S. G. Tallentyre, ‘The Friends of Voltaire’
Luis Buñuel

“If only the cinema were free,
it would be the eye of freedom.”

Luis Buñuel

This conference sees censorship interventions as moments in the volatile historical relationship between films and the cultures in which they exist. Those moments are characterized by desires to control the output of the film industries.

Instead of taking a normative standpoint, this conference approaches the censorship of cinema as an agent that influences the relationship between film and its publics, whatever their constitution.

We also see film censorship as a broad mechanism that operates on various levels during the production, distribution, exhibition, and consumption of films. Our approach combines historical, sociological, aesthetic, and philosophical methodologies.

In doing so, this conference aims to contribute to debates about the role of film censorship in discourses on the liberty of artistic expression and the moral responsibilities of audiovisual representations.

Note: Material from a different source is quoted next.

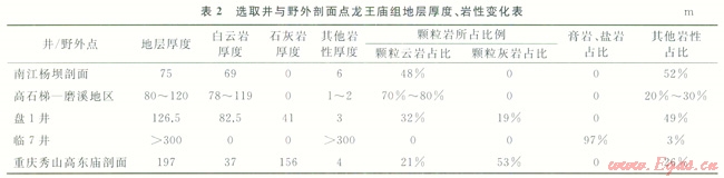 從選取的井并結(jié)合野外剖面點(diǎn)的巖性組合、變化情況等可以看出(表2),除去臨7井為膏鹽沉積外,龍王廟組沉積自西向東隨著水深的變化,整體厚度變大,顆粒灘沉積厚度也變大,沉積巖性的變化是由全部的白云巖沉積到開始出現(xiàn)石灰?guī)r沉積,最后到石灰?guī)r占整個(gè)龍王廟組的大部分,只有上部存在少量的白云巖的一個(gè)漸變過(guò)程。高石梯 磨溪地區(qū)是白云巖灘最發(fā)育的地區(qū),秀山高東廟剖面代表的中緩坡區(qū)域沉積的灘體多為石灰?guī)r灘。

This conference does not operate with a single definition of film censorship. By and large, we will treat film censorship as the attempt to limit the free expression, production, distribution, screening and reception of films. Because film censorship includes much more than banning, cutting or other imposed delimitations of movies by state institutions, we do not restrict film censorship to authoritarian regimes (e.g. Nazi-Germany, Fascist Italy, the Soviet Union). Censorship is more complex, and occurs in more diverse ways than merely through openly applied restrictions imposed ‘from above’. In most democratic countries, different kinds of film censorship were (are) imposed, that strongly influence what kind of social, moral and other issues were (are) represented. Film censorship is often state-led, as part of discourses on the protection of children, minorities, and other ‘vulnerable’ groups in society. But it is equally prevalent in efforts by private institutions or by the film industry itself (the American Production Code Administration is the best known example). Furthermore, we would also not overlook the concept of censorship in forms of self-regulation, lobbying, pressure from religious groups, partisan institutions, unions, private organizations, or the legal court system.